We are well through the season and the final results are pretty tight to call. My standing questions still remain that the model tries to address and they are:
- will the team final standings settle on the mid-season predictions?
- how early in the season does the model give signals to the overall competitiveness of a team?
Before I give some thought to the two bullets, let’s just remind ourselves of the conceptual approach to the model that has been used this season to calculate the ‘Value‘ Coefficient. At the beginning of the season we nominally placed the teams in a predicted end of season order and then calculated the race on race Value target that each race Value Coefficient could be measured against. We could have wasted much time trying to work this out but I simplified the matter by just placing them in the order they finished the last season knowing that mid-season we could reflect on matters, re-order if necessary and then recalculate the respective targets and let it run to the season end.
Fairly early on in the season some very obvious signals were emerging which suggested the following:
- Red Bull and Force India were the only teams meeting or exceeding their Value Targets. They were originally predicted to be placed 3rd and 5th respectively come season end.

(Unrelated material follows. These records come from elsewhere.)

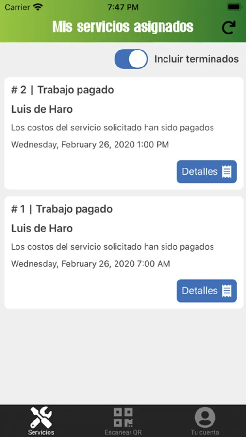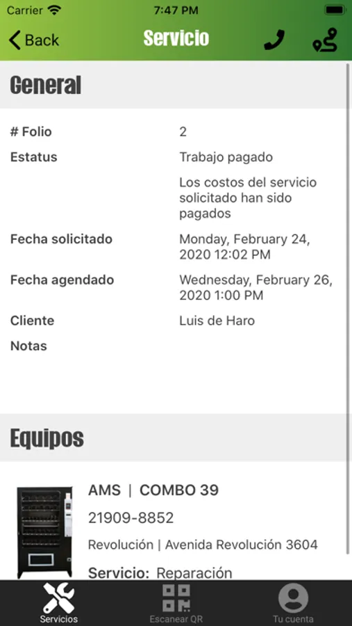 - Visualizar el detalle completo de un servicio (fecha, hora, lugar, cliente, equipos, qué se solicitó)
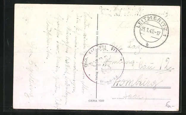 alte Ansichtskarte, gelaufen 1943 als Feldpost, Eckknick li. oben, guter Zustand
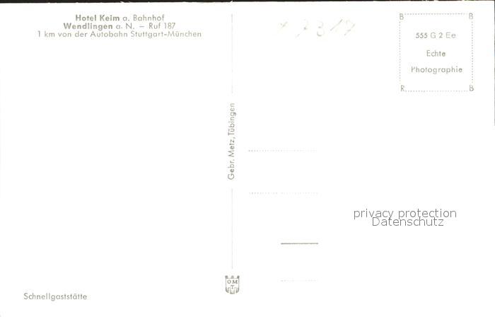 41760291 Wendlingen Neckar Hotel Keim am Bahnhof innen postalisch nicht gelaufen Erhaltung siehe scans KatCode: 11110008116071
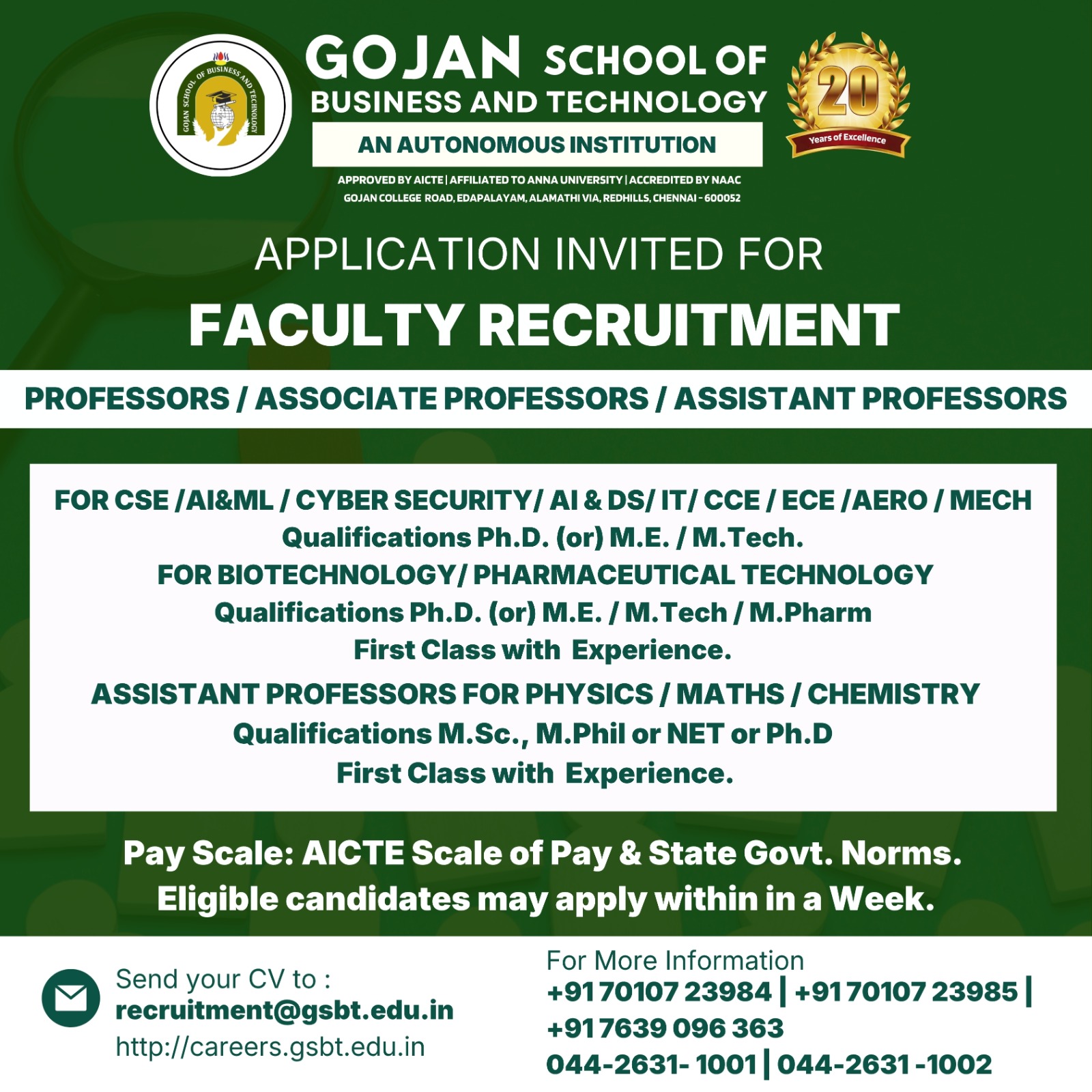Exciting faculty careers are now open at Gojan School of Business and Technology, Chennai – rewarding opportunities in Aeronautical, CSE, AI, Cyber Security, ECE, IT, Biotechnology, Robotics, and Science & Humanities. The institution invites applications for the posts of Assistant Professor, Associate Professor, and Professor. Qualified candidates with strong academic credentials and a passion for teaching are encouraged to apply through email or postal mode at the earliest.
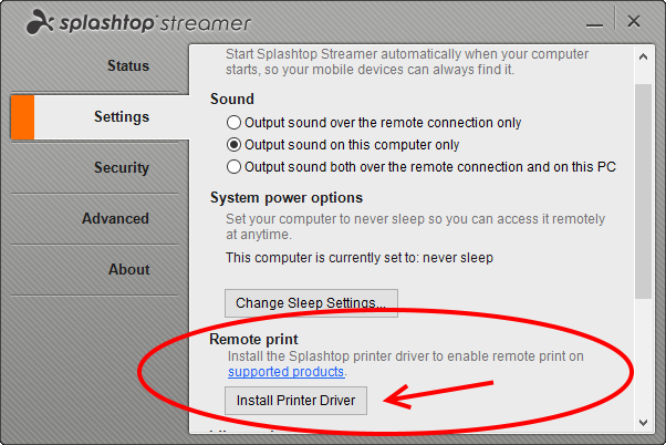Tout d'abord, assurez-vous que Splashtop Streamer est à jour sur l'ordinateur distant. Ensuite, activez l'impression à distance dans les paramètres de Splashtop. Pendant la session à distance, sélectionnez « Imprimante à distance Splashtop » lors de l'impression. La fenêtre d'impression locale devrait alors apparaître sur votre ordinateur.
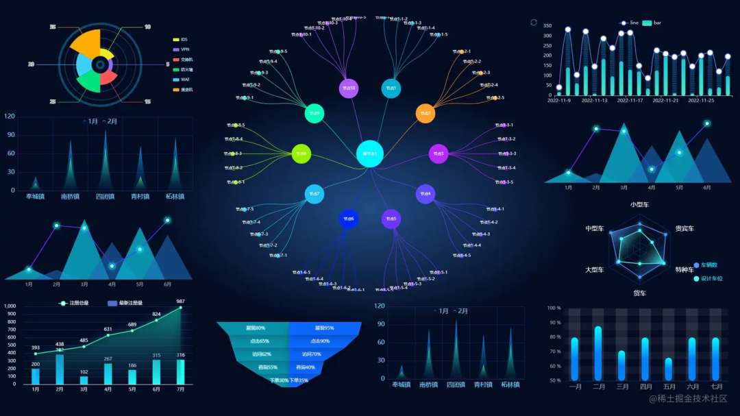 大屏的展示都是基于业务的需求,不是简单的排数据,展示数据。所有的大屏都是基于业务这一基础上展示。
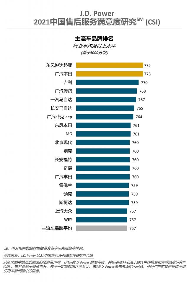 东风悦达起亚和广汽本田以775分并列主流车品牌第一。

- Ferrari and Williams were consistently well under performing their Value Targets. They were originally predicted to be placed 2nd and 3rd respectively.
I was sufficiently emboldened by the time Verstappen moved to Red Bull for me to place a £50 wager on Red Bull coming 2nd in the Championship, which now seems to make more sense now than it may have back in the season!

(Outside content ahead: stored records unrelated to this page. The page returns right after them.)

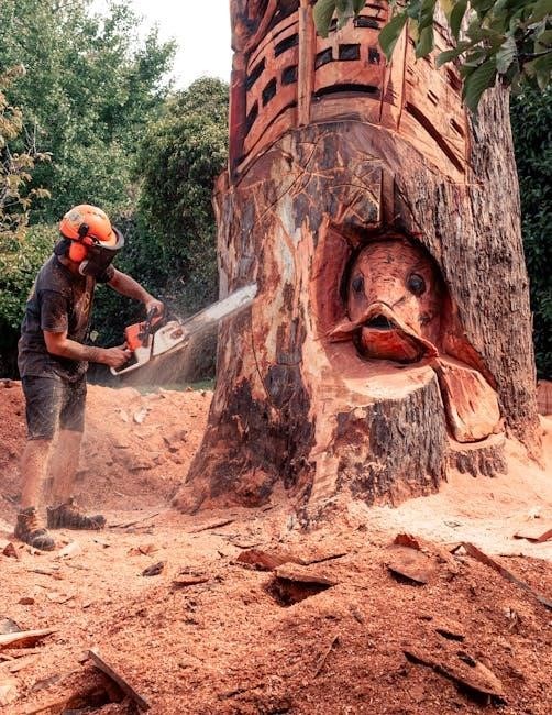 Prior to long-term storage‚ drain fuel and oil from the chainsaw to prevent deterioration and potential damage. Clean the exterior thoroughly‚ removing debris and sawdust. Store in a dry‚ secure location‚ inaccessible to children.
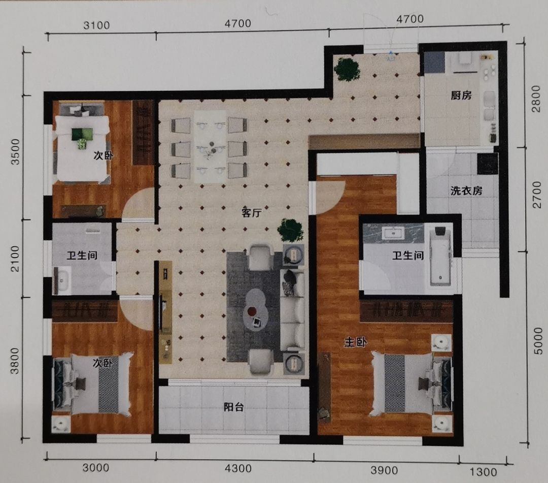 3、C1栋C户型,三室两厅两卫,建面约139㎡。
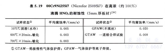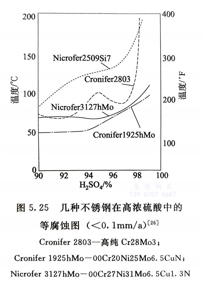 此鋼的力學性能、耐蝕性、冷成型性和焊接性等與前述00Cr19Ni25Si7鋼有許多類似之處。此鋼具有良好的耐高溫、高濃度硫酸腐蝕性能,高塑性,較好的冷成型性;但焊接性能也較差,必須采用激光焊且焊后需固溶處理,才能保證鋼的綜合性能。圖5.26系此鋼在≥90%H2SO,中的耐蝕性。
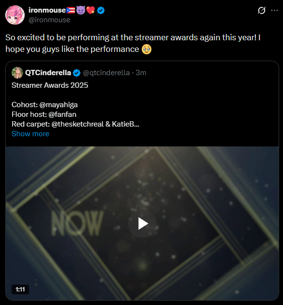 Oh, mouse is going to have a musical performance at the streamer awards again. That should be fun.
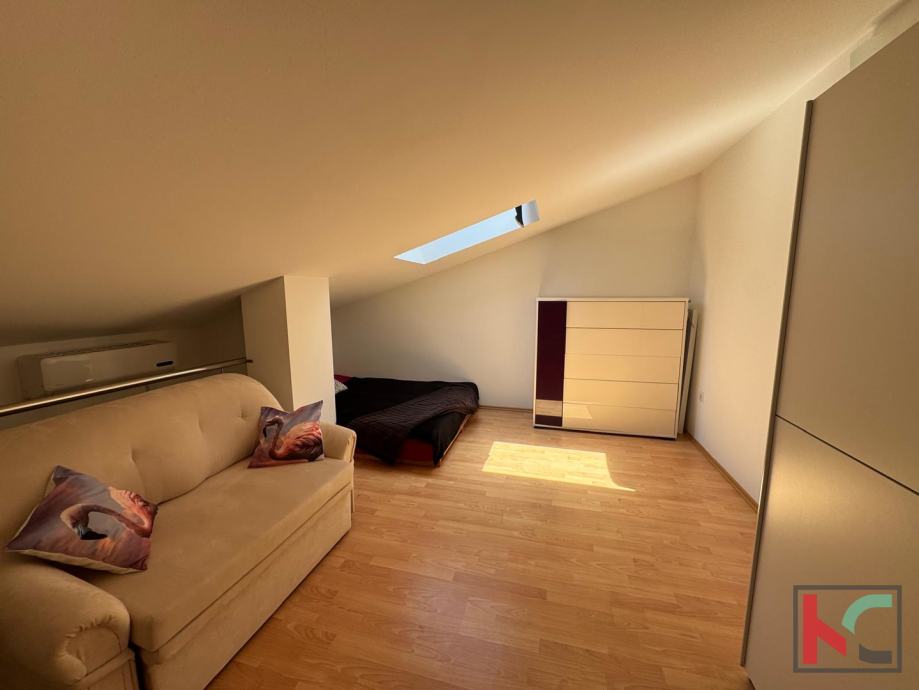 Sastoji se od ulaznog hodnika, kupaonice, dnevnog boravka u komunikaciji sa kuhinjom i blagovaonicom s izlazom na terasu, 2 spavaće sobe od kojih jedna ima izlaz na vlastitu terasu te na galeriji još jedna spavaća soba.

Then came the summer break and the review. I did the following:
- moved Red Bull to 2nd and Ferrari to 3rd
- moved Force India to 4th and Williams to 5th
- recalculated the Value Target Values
- monitor as the season progressed
If I had to call it now I would say the following with some confidence:
Mercedes, Red Bull, Ferrari, Force India, Williams, McLaren…….
Why?
Mercedes does not need further explanation the only question that remains is which driver will win and that is not really the main objective of this model.
Red Bull have not only had to be moved up in the model, but looking at the results on the revised targets indicates they are more than consistently achieving a 2nd place performance. I would go further, I do not think it will even be close to Ferrari!
Ferrari despite all the hype and heritage it is clear now (as is probably has been most of the season) that they are not best of the rest. I think the ‘Casting’ phenomena will be well explored in this team going into next season. I am convinced that the car is good but that it is the mix of key individuals that has explained the overall result for this team.
Force India are not quite on top of their well deserved current 4th place yet, but I would be very surprised if this was lost by season end. This team showed glimmers of this level of performance last year but didn’t quite beat Williams as a result, but this year has clearly been different. It is so good to see a team like Force India perform so well on the budget they have and their 2nd place in our Value Chart is no surprise.
Williams always promise so much of late and have just not delivered. Like Ferrari the ‘Casting’ factor will reveal much going into next year. It is hard to believe that this team was best of the rest only a few seasons ago. What has gone wrong? Is it the car, the drivers, the senior leadership or a combination of all these things. They must be asking the same questions. Should Force India finish ahead of them come season end then it will be interesting to compare ‘Casting’ analysis as it will not be money that delivered the difference.
Look Ahead to 2017
My next blog will look at what we are prototyping for next year to move the model onwards. I will introduce the ‘Casting’ factor to the Value Coefficient which I hope will be the final step towards really understanding how the teams performance is influenced by the mix of individuals in key team posts over time.